Palladium Books Press Release
ICv2 - Palladium Goes Public with 'Crisis of Treachery'
Palladium Books - Wikipedia, the free encyclopedia

This is low-key in comparison.

Cheers!


----------



## Truth Seeker (Mar 17, 2010)

Hmmm, I did report the comeback, but yeah...it didn't really catch me.


MerricB said:


> It was in 2006.
> 
> Palladium Books Press Release
> ICv2 - Palladium Goes Public with 'Crisis of Treachery'
> ...


----------



## Mustrum_Ridcully (Mar 17, 2010)

MerricB said:


> That's a nice announcement. It leaves me feeling hopeful.
> 
> Of course, it might just be nicely judged spin, but I prefer feeling hopeful.
> 
> Cheers!



But I was promised we could panick after the official announcement? 
	

	
	
		
		

		
			





I feel betrayed. 
	

	
	
		
		

		
		
	


	




Sounds not so bad...


----------



## jaerdaph (Mar 17, 2010)

Sounds like somebody got caught with their hand in the cookie jar, and then put the cookie back...

Whoopsies - my bad!


----------



## Truth Seeker (Mar 17, 2010)

"Greed is (not) good"

The movie--Wall Street.



jaerdaph said:


> Sounds like somebody got caught with their hand in the cookie jar, and then put the cookie back...
> 
> Whoopsies - my bad!


----------



## jaerdaph (Mar 17, 2010)

Truth Seeker said:


> "Greed is (not) good"
> 
> The movie--Wall Street.




"I'm sorry (that I got caught)!"


----------



## Saint_Meerkat (Mar 17, 2010)

MerricB said:


> Compare to Palladium's "Crisis of Treachery" hysteria...
> 
> Cheers!




DARN! You beat me to it!

I was going to say "Compare AND CONTRAST to Palladiums' "Crisis Of Treachery" hysteria..."

Well played, Merric.

EDIT: I was playing Shadowrun at a local gamestore last night when I heard this.

I had recently announced to my friends that I thought Catalyst was the up and coming game company.

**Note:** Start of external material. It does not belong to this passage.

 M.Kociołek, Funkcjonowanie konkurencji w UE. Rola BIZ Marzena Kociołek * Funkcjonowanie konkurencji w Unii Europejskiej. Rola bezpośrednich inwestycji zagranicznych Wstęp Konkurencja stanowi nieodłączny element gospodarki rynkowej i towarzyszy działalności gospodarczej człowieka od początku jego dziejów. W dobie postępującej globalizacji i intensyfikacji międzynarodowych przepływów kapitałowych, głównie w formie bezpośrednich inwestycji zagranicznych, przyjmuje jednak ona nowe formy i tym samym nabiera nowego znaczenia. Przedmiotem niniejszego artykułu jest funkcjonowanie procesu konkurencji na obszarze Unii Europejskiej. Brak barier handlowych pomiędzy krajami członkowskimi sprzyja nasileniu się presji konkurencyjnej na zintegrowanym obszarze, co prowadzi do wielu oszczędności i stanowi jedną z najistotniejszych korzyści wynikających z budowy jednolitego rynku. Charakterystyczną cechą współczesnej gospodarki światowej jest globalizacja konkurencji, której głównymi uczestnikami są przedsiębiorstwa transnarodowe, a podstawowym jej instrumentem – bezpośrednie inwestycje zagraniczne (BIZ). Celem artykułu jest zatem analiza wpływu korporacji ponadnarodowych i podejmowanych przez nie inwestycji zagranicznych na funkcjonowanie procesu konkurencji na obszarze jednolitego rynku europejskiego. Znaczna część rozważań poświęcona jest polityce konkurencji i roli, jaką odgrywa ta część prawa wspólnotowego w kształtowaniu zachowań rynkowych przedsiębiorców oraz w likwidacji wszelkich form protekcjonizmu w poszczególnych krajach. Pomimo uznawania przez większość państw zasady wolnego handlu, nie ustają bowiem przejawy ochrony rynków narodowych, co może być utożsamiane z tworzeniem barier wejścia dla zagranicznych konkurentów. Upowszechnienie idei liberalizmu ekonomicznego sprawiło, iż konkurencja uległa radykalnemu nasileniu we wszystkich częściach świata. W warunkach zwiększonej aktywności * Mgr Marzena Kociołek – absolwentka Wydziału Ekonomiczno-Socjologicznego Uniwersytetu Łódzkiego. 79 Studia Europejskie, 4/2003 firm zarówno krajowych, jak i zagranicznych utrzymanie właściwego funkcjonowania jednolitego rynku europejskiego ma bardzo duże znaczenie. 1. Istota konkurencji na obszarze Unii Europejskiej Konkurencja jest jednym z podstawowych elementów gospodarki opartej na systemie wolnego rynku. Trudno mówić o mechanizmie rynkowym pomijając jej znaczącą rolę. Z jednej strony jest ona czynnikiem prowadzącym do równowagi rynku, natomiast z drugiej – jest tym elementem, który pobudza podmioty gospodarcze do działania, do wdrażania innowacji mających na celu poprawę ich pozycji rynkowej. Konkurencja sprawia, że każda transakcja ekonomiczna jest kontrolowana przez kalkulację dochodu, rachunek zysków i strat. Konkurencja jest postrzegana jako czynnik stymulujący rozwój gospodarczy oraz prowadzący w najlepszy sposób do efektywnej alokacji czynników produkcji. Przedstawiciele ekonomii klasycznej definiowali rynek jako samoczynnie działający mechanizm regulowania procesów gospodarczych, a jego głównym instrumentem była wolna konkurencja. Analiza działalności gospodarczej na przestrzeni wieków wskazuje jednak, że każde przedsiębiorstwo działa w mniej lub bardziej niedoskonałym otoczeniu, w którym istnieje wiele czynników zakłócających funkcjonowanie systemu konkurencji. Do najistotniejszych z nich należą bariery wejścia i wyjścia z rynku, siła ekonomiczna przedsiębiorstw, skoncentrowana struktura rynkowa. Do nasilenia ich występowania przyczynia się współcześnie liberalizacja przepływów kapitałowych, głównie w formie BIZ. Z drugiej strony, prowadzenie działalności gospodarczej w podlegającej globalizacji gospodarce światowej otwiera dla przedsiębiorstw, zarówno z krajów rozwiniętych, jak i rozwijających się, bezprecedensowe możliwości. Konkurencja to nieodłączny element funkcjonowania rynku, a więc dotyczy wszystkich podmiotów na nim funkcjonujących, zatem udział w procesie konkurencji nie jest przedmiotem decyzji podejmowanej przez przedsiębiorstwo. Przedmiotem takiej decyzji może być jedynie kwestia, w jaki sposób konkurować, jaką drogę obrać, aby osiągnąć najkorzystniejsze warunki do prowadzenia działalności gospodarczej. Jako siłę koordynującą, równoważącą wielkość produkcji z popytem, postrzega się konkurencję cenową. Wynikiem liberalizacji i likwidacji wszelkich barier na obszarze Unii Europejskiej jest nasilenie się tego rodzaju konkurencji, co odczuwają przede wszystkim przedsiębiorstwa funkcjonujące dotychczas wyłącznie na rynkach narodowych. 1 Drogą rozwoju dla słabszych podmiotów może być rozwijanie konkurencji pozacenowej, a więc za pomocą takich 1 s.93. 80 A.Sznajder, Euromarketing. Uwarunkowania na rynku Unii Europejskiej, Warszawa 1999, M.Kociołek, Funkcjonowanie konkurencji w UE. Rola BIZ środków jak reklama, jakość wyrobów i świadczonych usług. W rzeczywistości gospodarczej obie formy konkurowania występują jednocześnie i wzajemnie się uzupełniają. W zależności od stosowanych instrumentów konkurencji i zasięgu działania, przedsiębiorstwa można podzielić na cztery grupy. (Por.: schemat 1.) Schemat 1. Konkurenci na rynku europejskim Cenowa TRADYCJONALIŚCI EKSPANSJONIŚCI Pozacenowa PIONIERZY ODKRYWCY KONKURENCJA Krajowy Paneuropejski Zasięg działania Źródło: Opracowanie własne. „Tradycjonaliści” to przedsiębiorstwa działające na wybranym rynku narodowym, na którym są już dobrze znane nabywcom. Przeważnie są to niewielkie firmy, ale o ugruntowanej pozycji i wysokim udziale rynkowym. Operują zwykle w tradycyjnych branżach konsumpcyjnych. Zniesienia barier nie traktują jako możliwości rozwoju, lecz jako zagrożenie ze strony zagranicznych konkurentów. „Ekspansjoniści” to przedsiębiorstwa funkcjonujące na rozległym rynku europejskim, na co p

And, but for...you know.

I also announced to my friends that CNN (Chicken Noodle News) would be a flop, USA Today was too dumbed down to interest anyone, and that no one would ever forego an instantaneous command line internet interface to sit around waiting for pictures to download just so they could click on them.


----------



## Treebore (Mar 17, 2010)

I too prefer to be hopeful, I am definitely one of the people who have enjoyed what they have been doing.


----------



## Hunter In Darkness (Mar 17, 2010)

Yeah I hope this works out they have done an awesome job, and they put out great products


----------



## Nyarlathotep (Mar 17, 2010)

So is there a list yet of who all left (in terms of staff writers/contractors)? Not the management but actual writers?


----------



## Thanee (Mar 17, 2010)

jaerdaph said:


> Sounds like somebody got caught with their hand in the cookie jar, and then put the cookie back...

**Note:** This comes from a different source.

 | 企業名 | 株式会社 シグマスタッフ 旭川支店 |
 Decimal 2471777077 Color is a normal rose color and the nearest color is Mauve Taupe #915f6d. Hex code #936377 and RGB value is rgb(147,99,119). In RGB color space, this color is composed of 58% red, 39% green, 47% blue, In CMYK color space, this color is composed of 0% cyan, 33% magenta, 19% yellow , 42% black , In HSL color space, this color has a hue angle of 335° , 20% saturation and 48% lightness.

If the rumored numbers are true, that's one hell of a cookie, though, and quite a bit of it has broken off and has to be picked up first before being put back. 

Bye
Thanee


----------



## jdrakeh (Mar 17, 2010)

Nyarlathotep said:


> So is there a list yet of who all left (in terms of staff writers/contractors)? Not the management but actual writers?

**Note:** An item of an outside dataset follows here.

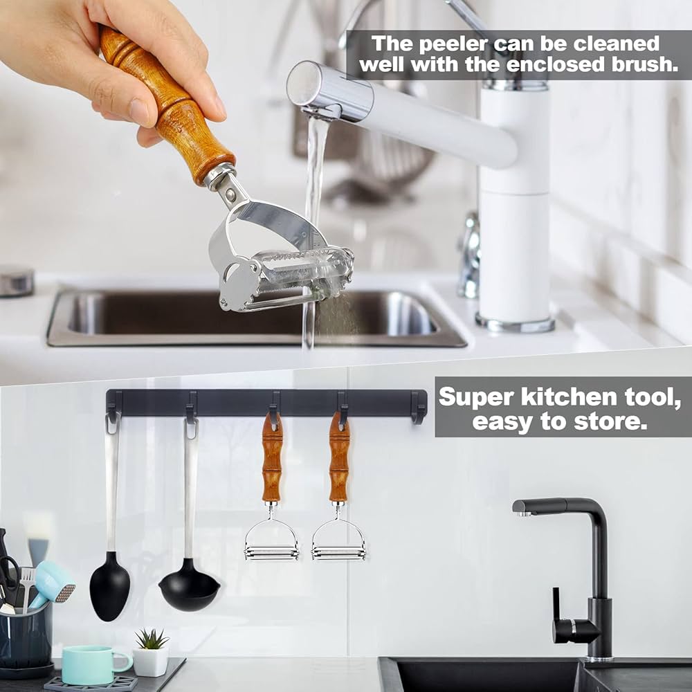 【Eccellente artigianato】La nostra cucina sbucciatore sono lame trattate elettroliticamente, tagliente e lucido visibile, può facilmente sbucciare le bucce spesse di frutta e verdura senza incepparsi, in modo da poter utilizzare pelaverdure più agevolmente. Il colore effettivo è soggetto al prodotto reale ricevuto. Godi una riduzione su 2 Pezzi Pelapatate , Pelapatate Patate Da Cucina , Pelapatate Verdure, Pelapatate Rotativo A Y In Acciaio Inossidabile Con Lame Curve E Seghettate In Acciaio Inossidabile, Manico Antiscivolo, Adatto Per Verdure E Frutta. Acquista i Pela Verdure Set 5 Coltelli E Pelapatate Da Cucina Professionali In Ceramica Lame In Pela Asparagi Il pelapatate piatto può affettare cavoli e ravanelli, quello seghettato può anche pelare il bordo esterno. Le lame rimovibili e oscillanti dello sbucciatore scivolano sulle superfici irregolari con poco sforzo, rendendolo un grande aiuto quando si lavora in cucina. 【Materiale di alta qualità】 Il nostro pelapatate è realizzato in acciaio inossidabile 420, resistente alla corrosione e non facile da arrugginire, si risciacqua direttamente e ha una lunga durata. 【Ampiamente utilizzato】Questo pelaverdure può sbucciare facilmente patate, cetrioli, carote e persino asparagi. Descrizione del prodotto 1. lame flessibili con micro-serratura e manici ergonomici per lavorare in sicurezza e sbucciare facilmente. 2. Grazie alla lama extra larga, affilata su entrambi i lati, è possibile sbucciare anche verdure di grandi dimensioni con buccia dura, come zucca e cavolo rapa.

So far, I'm only aware of Jennifer Harding and Adam Jury leaving.


----------



## coyote6 (Mar 17, 2010)

Nyarlathotep said:


> So is there a list yet of who all left (in terms of staff writers/contractors)? Not the management but actual writers?




On staff? I think they only had a few on staff (maybe just the line developers), everyone else was freelance (like most RPG companies). The people mentioned as having left weren't primarily writers, either.


----------



## MerricB (Mar 17, 2010)

Left Catalyst Game Lab:

* Adam Jury (layout and contributions)
* Jennifer Harding (CGL's bookkeeper and office manager) 
* David Stansel-Garner (Operations Manager)

Said they'll no longer working with CGL:

* Rob Boyle (Eclipse Phase)

Cheers!


----------



## Shemeska (Mar 18, 2010)

MerricB said:


> Said they'll no longer working with CGL:
> 
> * Rob Boyle (Eclipse Phase)




Fudge.


----------



## coyote6 (Mar 18, 2010)

Quotes I've seen say Boyle, Jury, & co. are going to continue with Eclipse Phase. I guess it just won't be through Catalyst.


----------



## jdrakeh (Mar 18, 2010)

coyote6 said:


> Quotes I've seen say Boyle, Jury, & co. are going to continue with Eclipse Phase. I guess it just won't be through Catalyst.




Yes, I think that is the intention.


----------



## Ketjak (Mar 29, 2010)

*New development posted on RPGNet*



Thanee said:


> If the rumored numbers are true, that's one hell of a cookie, though, and quite a bit of it has broken off and has to be picked up first before being put back.
> 
> Bye
> Thanee




Ingredients have to be bought, mixed into cookie dough, baked, and _then_ replaced. Questions arise about whether or not the ingredients can even be bought, or that enough cookies can be baked to replace the giant-sized cookie that went missing.

I happen to be right smack in the middle of this and though I won't pass information, I am happy to point out information that gets posted.

[BattleTech/Cthulhutech/Eclipse Phase/Shadowrun] CGL Might End [Irwin x1] - Page 44 - RPGnet Forums

Scroll down to post 439 by Frank Trollman. Love him, hate him, ban him, whatever - he happens to have posted an actual letter sent by IMR/Catalyst to freelancers. You don't have to listen to his weird anti-religion ranting, and I advise against it. I also don't condone posting even quasi-private information, but it's out and I prefer Enworld to RPGNet.

(Um, he also posted that on Dumpshock but got himself banned and his post removed, I believe, by showing religious intolerance.)

- Ket


----------